Défenseur de l’art tsigane
Dès lors, il va entamer une véritable campagne de promotion des artistes tsiganes. En 1980, il crée le Prix Romanes, puis celui des 9 muses, et aidé de son amie peintre et poète Sandra Jayat, se lance dans un projet fou : organiser la première exposition mondiale d’art tsigane à Paris. « C’est un être incroyablement vivant, capable de déplacer des montagnes, raconte Marie-Victoire Poliakoff, directrice de la galerie Pixi à Paris et petite fille du peintre Serge Poliakoff (1900-1969). Il connaissait tout le monde et tout le monde le suivait ». De fait, son comité de soutien regroupe des personnalités telles que Costa Gavras, Yul Brynner, Jean Marais etc. Plus de 250 œuvres signées d’une trentaine d’artistes européens sont exposées et non des moindres : Serge Poliakoff, Torino Ziegler, Otto Mueller, Django Reinhardt, Hélios Gomez… En mai 1985, l’exposition inaugurée en grande pompe à la Conciergerie est suivie d’une tournée à travers la France. Un beau succès public, « mais qui au final, ne servira à rien » regrette Gérard Gartner. « Nous n’avons pas réussi à modifier l’image du gitan voleur de poule et misérable qui pèse encore sur la communauté ». Depuis, cet autodidacte surdoué a décidé de changer son fusil d’épaule.

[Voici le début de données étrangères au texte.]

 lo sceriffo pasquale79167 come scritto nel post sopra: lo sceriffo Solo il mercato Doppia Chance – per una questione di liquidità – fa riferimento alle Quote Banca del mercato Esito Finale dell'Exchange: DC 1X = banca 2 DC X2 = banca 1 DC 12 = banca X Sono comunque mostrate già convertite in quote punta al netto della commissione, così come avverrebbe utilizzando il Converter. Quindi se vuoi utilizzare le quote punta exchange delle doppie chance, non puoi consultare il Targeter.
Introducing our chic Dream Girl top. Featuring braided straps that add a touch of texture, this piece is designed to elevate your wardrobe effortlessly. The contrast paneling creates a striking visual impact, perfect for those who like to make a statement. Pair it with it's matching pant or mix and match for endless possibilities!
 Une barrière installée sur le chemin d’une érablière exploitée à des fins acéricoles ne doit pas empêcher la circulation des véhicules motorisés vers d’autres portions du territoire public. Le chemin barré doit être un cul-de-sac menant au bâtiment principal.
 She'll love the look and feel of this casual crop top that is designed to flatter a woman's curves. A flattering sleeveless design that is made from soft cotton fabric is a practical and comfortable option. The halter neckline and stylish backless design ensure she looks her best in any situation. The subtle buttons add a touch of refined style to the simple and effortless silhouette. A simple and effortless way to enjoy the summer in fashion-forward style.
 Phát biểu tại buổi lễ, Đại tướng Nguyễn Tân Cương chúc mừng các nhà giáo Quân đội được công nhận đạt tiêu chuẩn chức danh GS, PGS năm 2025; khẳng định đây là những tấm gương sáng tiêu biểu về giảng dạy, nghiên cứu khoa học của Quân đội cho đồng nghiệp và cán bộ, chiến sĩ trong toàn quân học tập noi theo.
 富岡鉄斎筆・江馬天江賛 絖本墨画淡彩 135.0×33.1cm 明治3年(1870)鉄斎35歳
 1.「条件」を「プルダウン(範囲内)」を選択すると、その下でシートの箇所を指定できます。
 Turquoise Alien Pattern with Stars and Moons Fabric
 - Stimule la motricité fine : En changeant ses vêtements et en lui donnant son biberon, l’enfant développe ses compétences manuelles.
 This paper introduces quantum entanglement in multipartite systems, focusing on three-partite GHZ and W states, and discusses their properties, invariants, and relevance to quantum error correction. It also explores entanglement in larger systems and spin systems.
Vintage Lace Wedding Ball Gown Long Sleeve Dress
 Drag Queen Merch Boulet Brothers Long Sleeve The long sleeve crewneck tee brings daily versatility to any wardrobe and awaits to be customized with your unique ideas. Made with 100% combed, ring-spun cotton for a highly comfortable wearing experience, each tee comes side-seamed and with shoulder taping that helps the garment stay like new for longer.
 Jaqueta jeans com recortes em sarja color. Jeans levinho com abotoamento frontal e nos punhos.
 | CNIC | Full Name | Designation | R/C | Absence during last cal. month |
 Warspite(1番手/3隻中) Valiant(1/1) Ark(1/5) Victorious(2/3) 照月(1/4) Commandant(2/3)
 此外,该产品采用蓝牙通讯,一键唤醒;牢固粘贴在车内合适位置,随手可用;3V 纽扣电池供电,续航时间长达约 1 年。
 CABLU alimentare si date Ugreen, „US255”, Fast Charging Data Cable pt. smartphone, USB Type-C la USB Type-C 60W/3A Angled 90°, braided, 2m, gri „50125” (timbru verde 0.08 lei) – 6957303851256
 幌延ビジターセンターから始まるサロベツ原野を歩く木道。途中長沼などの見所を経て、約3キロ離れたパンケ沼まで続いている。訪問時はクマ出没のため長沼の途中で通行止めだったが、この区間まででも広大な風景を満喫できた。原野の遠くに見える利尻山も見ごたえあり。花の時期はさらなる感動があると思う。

En 2008, Il arrête définitivement la sculpture pour se vouer à l’écriture. Objectif ? Se mettre au service de « tous ces artistes rom négligés et ostracisés ». C’est donc en passeur de mémoire, celle des Gens du voyage, que Gartner officie désormais. Après une biographie consacrée à son vieux compagnon de route, l’écrivain et poète Mattéo Maximoff qui lui valut le Prix Romanes en 2007, il a publié plusieurs ouvrages sur de grands peintres tsiganes. D’ici quelques mois, sortira son essai sur Giacometti, « dont la mère, précise-il, était Rom ». Juste avant qu’il ne fasse ses valises pour Collonges-la-Rouge. A 81 ans, Gérard Gartner ne s’arrête jamais, il trace la route, toujours et encore.